Dr. Ned Place, University of California, Berkeley

 

   
Dr. Ned J. Place has been doing fascinating research using spotted hyenas at the University of California in Berkeley. Although spotted hyenas are not perfect animal models for understanding CAH, they do represent an "experiment of nature" in which females are naturally masculinized and exposed to androgens prenatally.

The female spotted hyenas are the most masculinized female mammals ever described. All females of this species have a clitoris that approaches the size and shape of the penis; they also have a pseudoscrotum, as no external vaginal opening exists. Scientists believe females are virilized in response to androgens during fetal development that are derived from the mother’s ovary.

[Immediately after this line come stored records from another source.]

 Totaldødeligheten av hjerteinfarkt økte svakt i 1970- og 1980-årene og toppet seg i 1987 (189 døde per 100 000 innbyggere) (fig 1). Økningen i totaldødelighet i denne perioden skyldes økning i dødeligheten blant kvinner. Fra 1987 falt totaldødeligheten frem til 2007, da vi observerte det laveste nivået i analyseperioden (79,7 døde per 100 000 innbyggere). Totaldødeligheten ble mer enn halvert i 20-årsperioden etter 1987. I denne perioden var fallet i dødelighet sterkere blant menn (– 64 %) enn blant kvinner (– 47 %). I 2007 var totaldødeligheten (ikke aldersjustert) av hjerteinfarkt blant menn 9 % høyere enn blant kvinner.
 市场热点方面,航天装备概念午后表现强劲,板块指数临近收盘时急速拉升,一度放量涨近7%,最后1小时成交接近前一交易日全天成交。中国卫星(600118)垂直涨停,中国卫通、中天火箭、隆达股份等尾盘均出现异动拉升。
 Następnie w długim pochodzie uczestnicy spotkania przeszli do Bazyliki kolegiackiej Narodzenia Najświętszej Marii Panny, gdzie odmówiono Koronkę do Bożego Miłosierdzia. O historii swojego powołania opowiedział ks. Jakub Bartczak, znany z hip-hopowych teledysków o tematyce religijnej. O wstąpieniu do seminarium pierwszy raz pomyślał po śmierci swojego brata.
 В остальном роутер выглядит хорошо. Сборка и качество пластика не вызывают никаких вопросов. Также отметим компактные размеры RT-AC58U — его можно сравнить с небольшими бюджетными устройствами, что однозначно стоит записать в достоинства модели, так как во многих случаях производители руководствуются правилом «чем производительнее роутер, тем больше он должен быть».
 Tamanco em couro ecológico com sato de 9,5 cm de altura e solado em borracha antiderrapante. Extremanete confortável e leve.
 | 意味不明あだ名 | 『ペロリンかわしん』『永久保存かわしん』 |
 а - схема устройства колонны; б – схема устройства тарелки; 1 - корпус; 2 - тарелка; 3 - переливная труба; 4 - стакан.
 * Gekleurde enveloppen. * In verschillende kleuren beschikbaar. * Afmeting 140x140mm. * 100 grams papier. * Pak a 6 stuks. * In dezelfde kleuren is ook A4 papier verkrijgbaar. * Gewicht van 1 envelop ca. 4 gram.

Dr. Place is specifically interested in the effects of prenatal androgens on the development of the ovary, and the persistent effects that prenatal androgens can have on ovarian function in adulthood. This has relevance to CAH, as some women with CAH suffer from some degree of PCOS (polycystic ovary syndrome) and associated infertility. Dr. Place is interested in learning how the ovaries of spotted hyenas are affected by prenatal androgens, and if some mechanism might explain how they avoid the negative consequences.

Dr. Place will soon have a paper published in Biology of Reproduction with his findings; addressing the possibility that anti-androgen treated female hyenas conceive more readily than their more highly virilized sisters.